TikTok, the widely-used short-video platform owned by ByteDance, is facing a hefty €345 million ($370 million) fine due to its breach of European Union (EU) privacy laws concerning the handling of children’s personal data. The EU’s lead regulatory authority for major tech companies, Ireland’s Data Protection Commissioner (DPC), announced this penalty. The privacy violations took place from July 31, 2020, to December 31, 2020.
This marks the first instance of TikTok receiving such a stern reprimand from the DPC, which holds this influential role in the EU because many top tech companies have their regional headquarters in Ireland.
Among the infractions cited by the DPC was TikTok’s default setting in 2020, which made accounts of users under 16 “public” by default. Furthermore, TikTok did not adequately verify whether a user was genuinely the parent or guardian of a child user when using the “family pairing” feature.

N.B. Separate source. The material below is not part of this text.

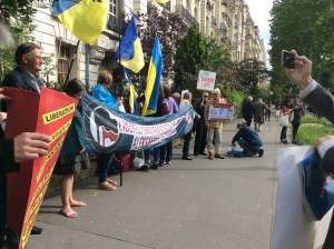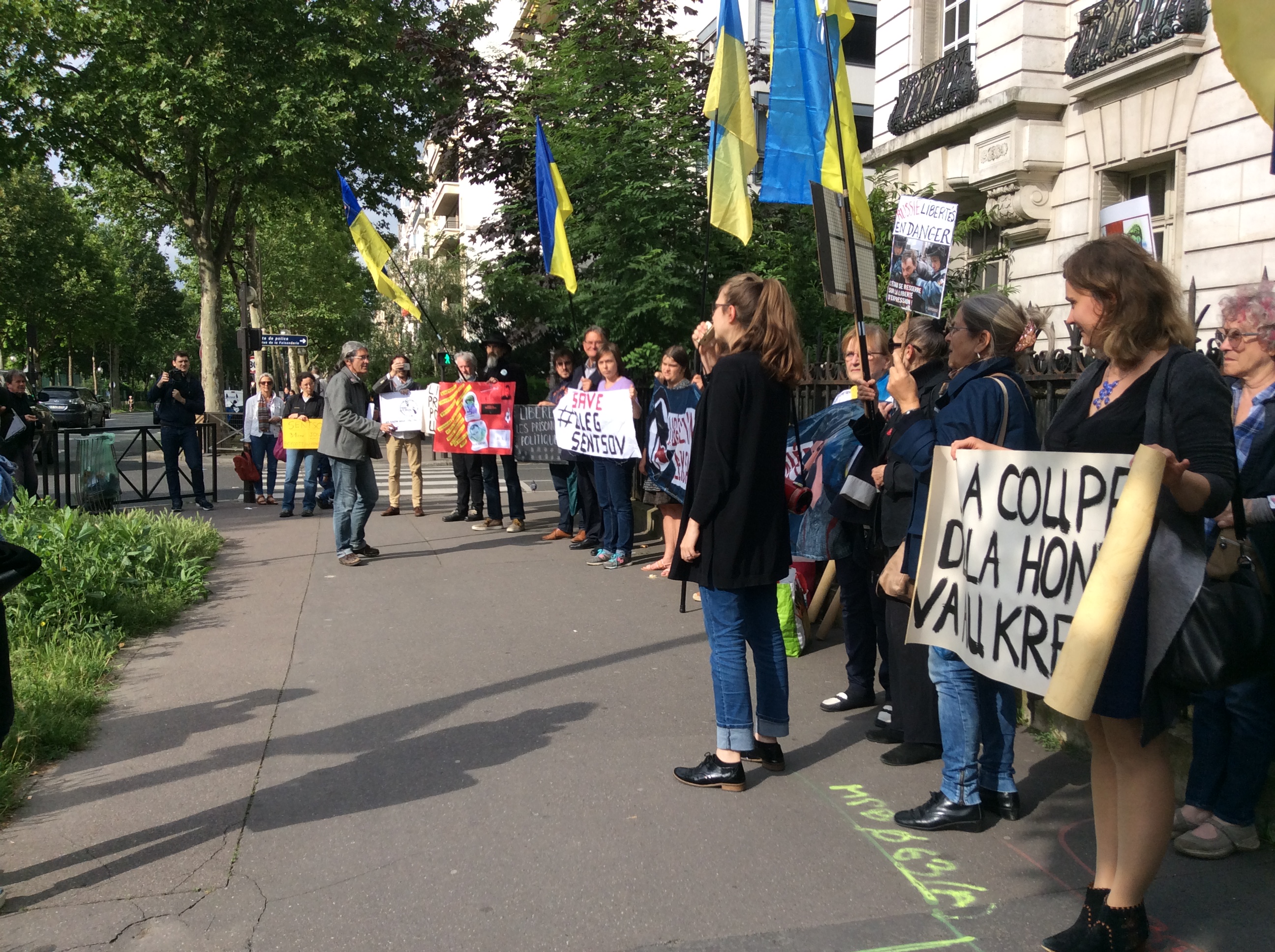 Le rassemblement pour la libération de Sentsov et Koltchenko a réuni 41 militants le 13juin 2018. La police, soucieuse d’éviter tout désagrément aux autorités russes qui détiennent plus de 70 prisonniers politiques ukrainiens a assigné aux manifestants un coin du Boulevard Lannes, suffisamment éloigné de l’entrée de l’ambassade russe.

TikTok did take steps to address some of these concerns. For example, in January 2021, the platform changed the default setting for all users under 16 to “private.” Additionally, in March 2023, the company announced that it’ll soon set a 60-minute daily screen time limit for underage users.
In response to the fine, TikTok expressed its disagreement with the decision, particularly regarding the size of the penalty. The company argued that most of the criticisms had already been addressed with measures implemented before the DPC initiated its investigation in September 2021.
TikTok now has a three-month window to bring all of its data processing practices into compliance wherever violations were identified.
This is not the first for TikTok to face fines due to children data breaches. In April, the Information Commissioner’s Office of the UK announced that it has issued a fine of £12.7 million ($15.8M) to TikTok due to several violations of the country’s data protection law, such as misusing children’s data.